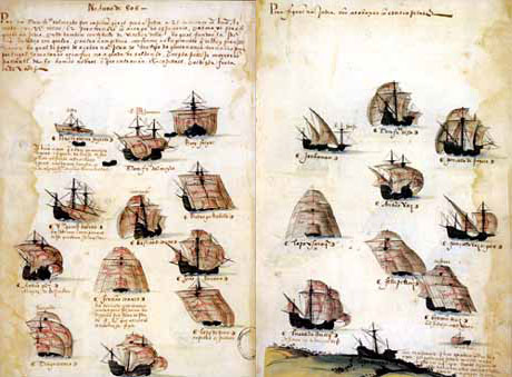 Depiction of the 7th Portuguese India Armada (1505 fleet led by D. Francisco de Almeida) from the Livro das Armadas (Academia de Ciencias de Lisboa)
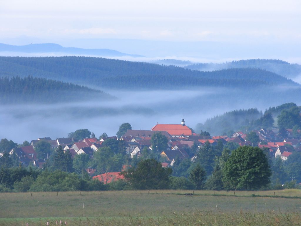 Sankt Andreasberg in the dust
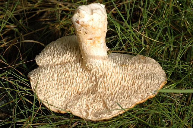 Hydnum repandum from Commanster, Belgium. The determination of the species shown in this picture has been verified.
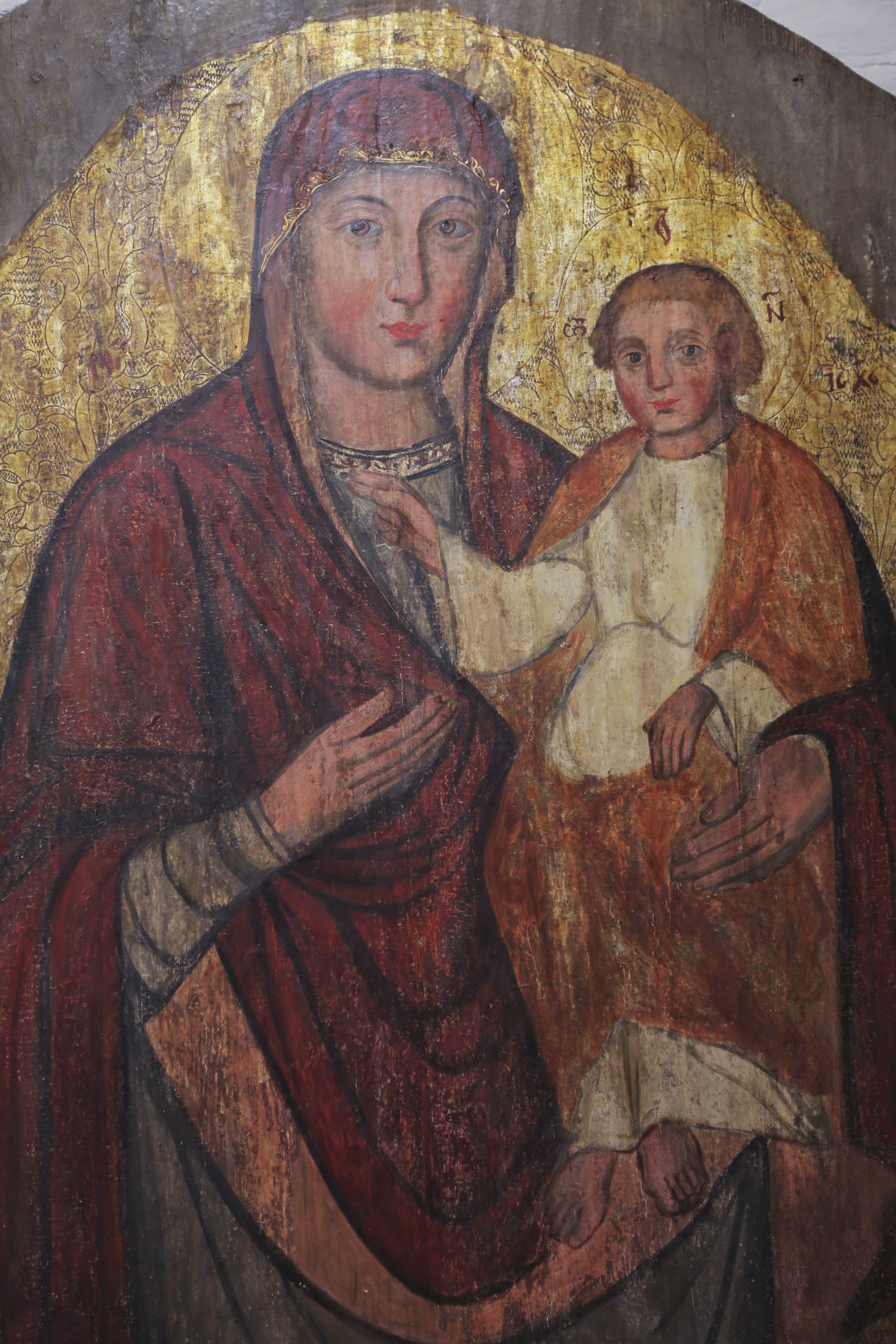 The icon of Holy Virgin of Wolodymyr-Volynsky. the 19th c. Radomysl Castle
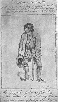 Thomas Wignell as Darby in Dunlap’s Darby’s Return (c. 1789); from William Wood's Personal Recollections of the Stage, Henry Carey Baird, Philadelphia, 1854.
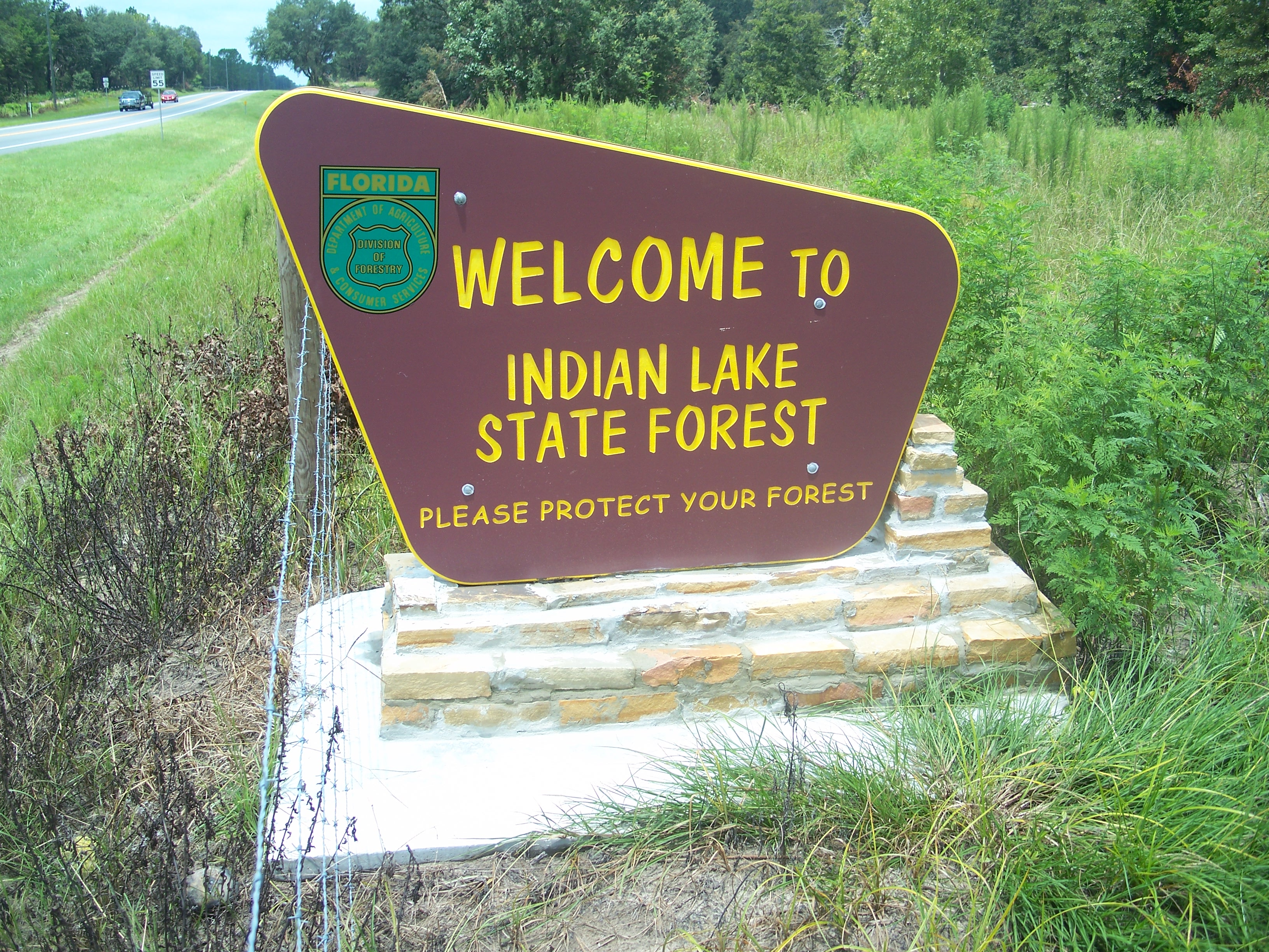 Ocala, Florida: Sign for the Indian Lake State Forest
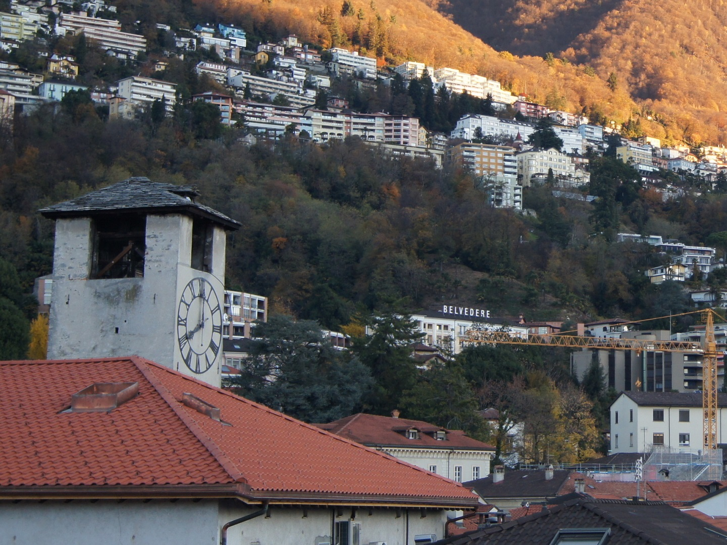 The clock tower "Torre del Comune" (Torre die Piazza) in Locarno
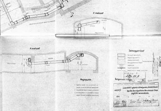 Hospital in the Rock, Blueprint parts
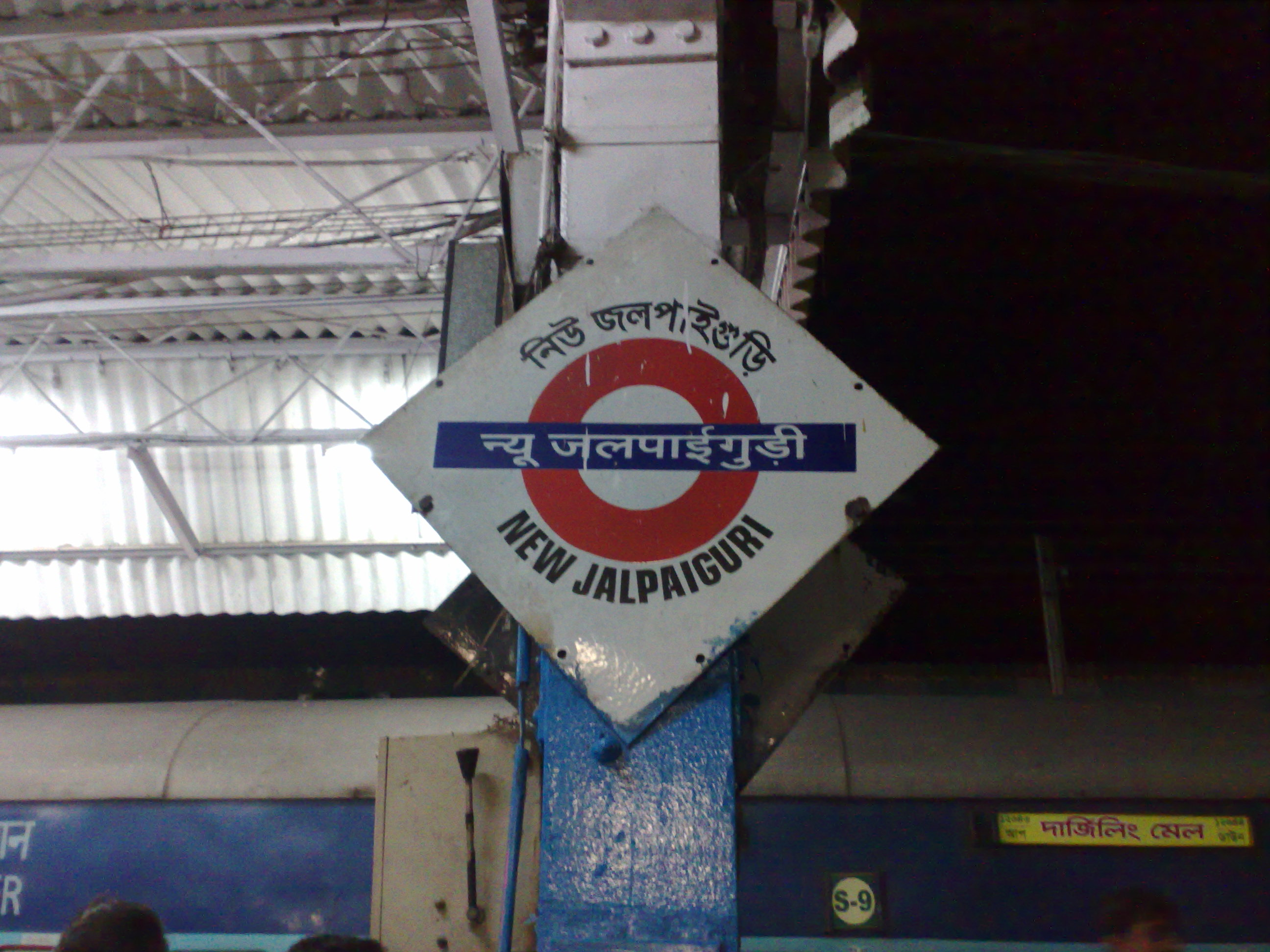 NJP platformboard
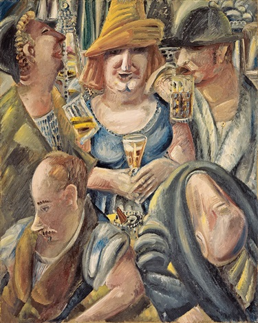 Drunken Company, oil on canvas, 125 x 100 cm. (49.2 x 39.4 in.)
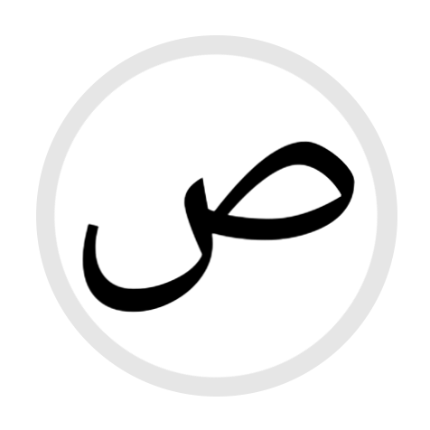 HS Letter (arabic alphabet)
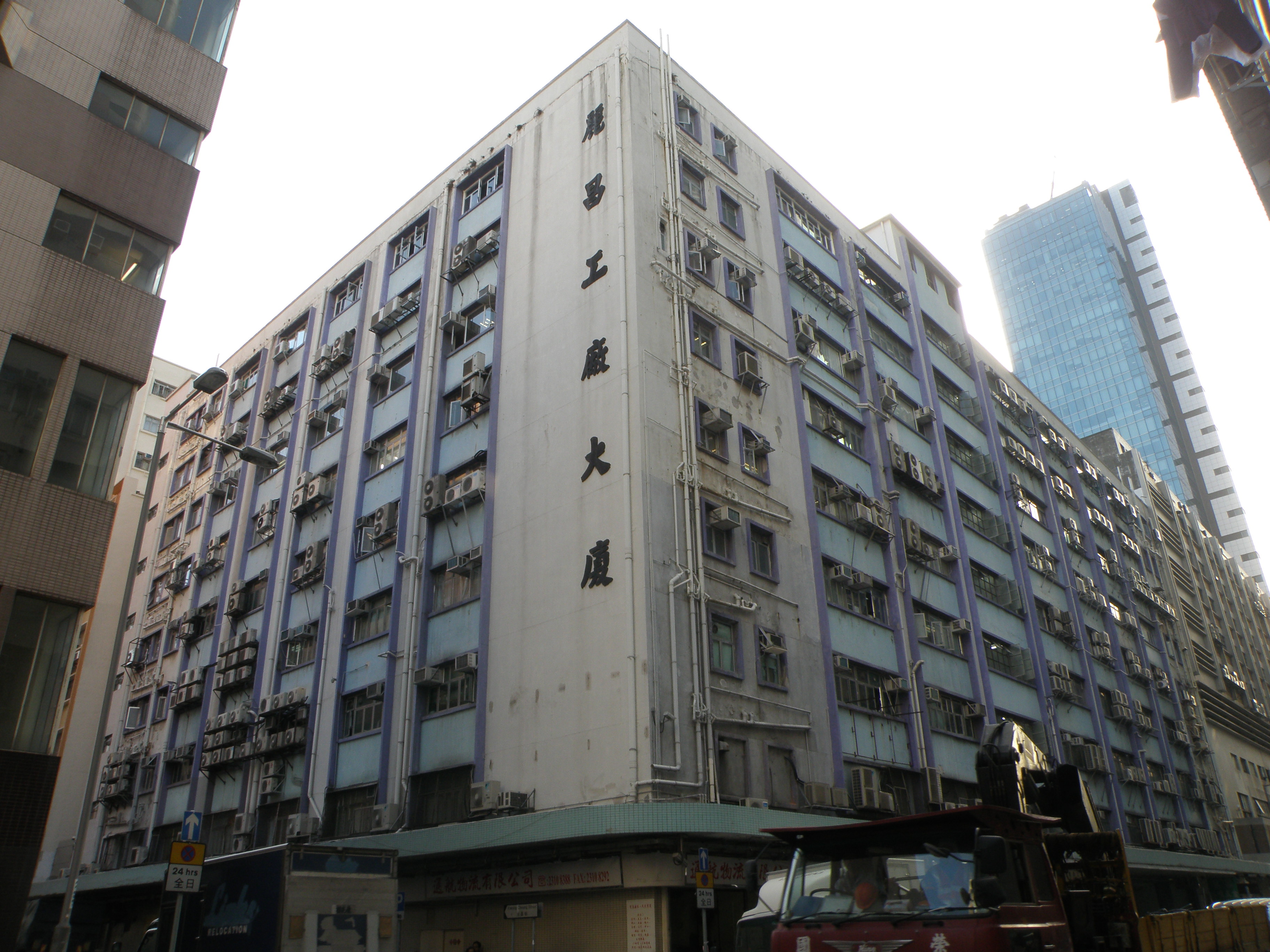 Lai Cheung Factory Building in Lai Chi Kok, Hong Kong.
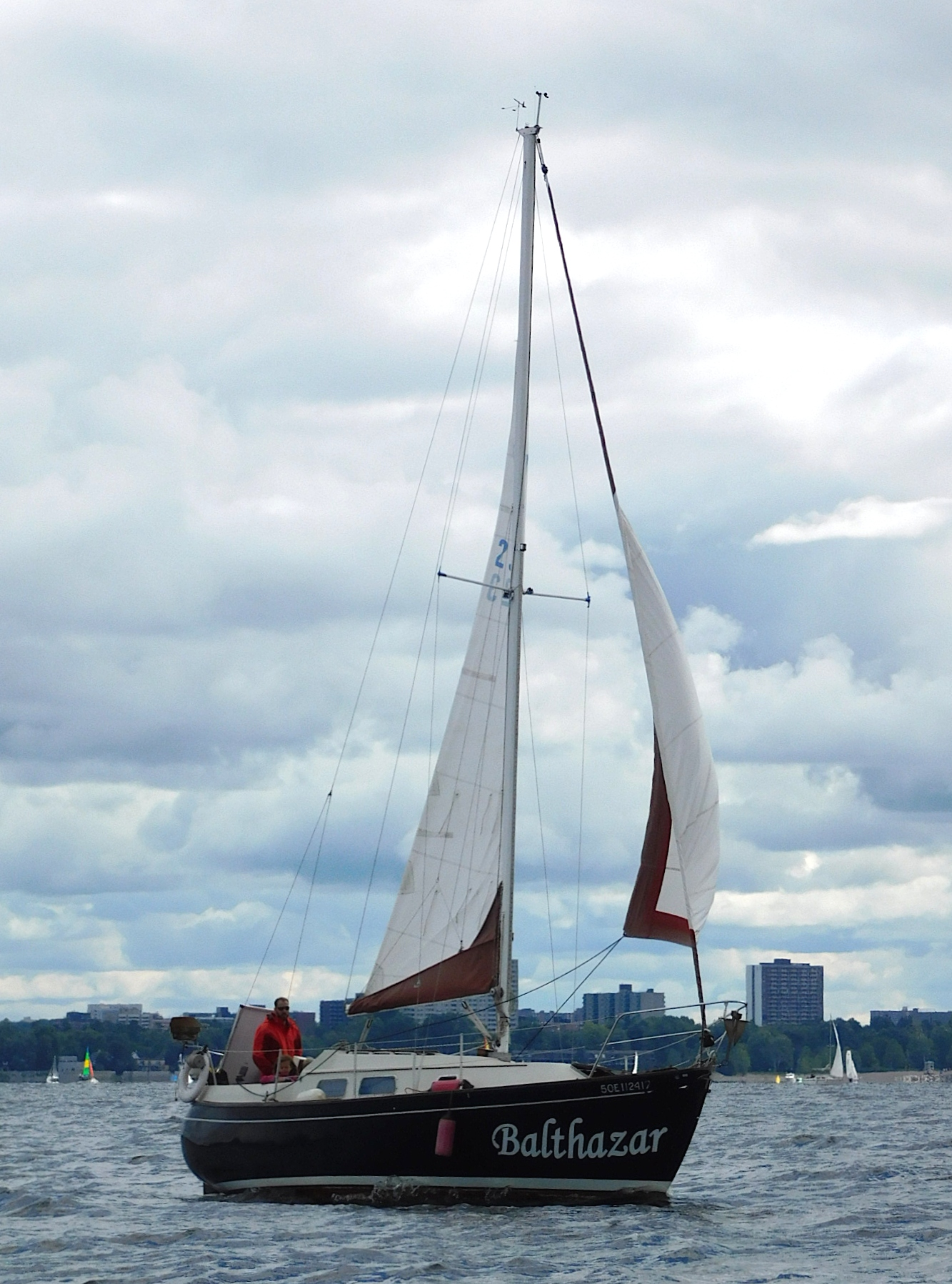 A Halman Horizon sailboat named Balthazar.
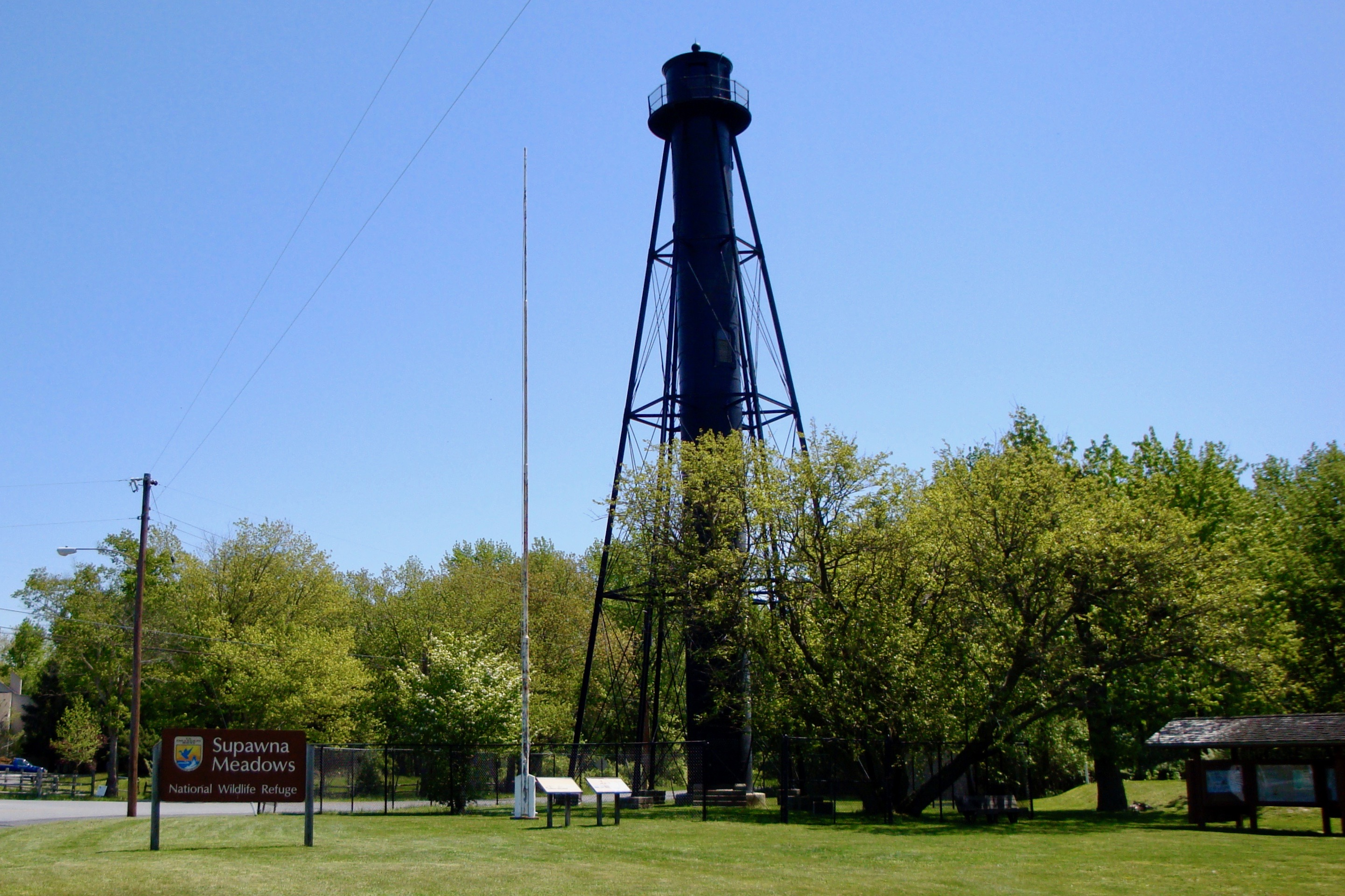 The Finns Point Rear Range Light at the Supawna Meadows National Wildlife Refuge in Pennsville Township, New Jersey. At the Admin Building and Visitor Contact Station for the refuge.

- **Brief**: Pictures must be left out. Repeat exactly the lines from the one containing "Hospital in the Rock, Blueprint parts" through the final line of the data.

- **Exercise solution**:
 Hospital in the Rock, Blueprint parts
 NJP platformboard
 Drunken Company, oil on canvas, 125 x 100 cm. (49.2 x 39.4 in.)
 HS Letter (arabic alphabet)
 Lai Cheung Factory Building in Lai Chi Kok, Hong Kong.
 A Halman Horizon sailboat named Balthazar.
 The Finns Point Rear Range Light at the Supawna Meadows National Wildlife Refuge in Pennsville Township, New Jersey. At the Admin Building and Visitor Contact Station for the refuge.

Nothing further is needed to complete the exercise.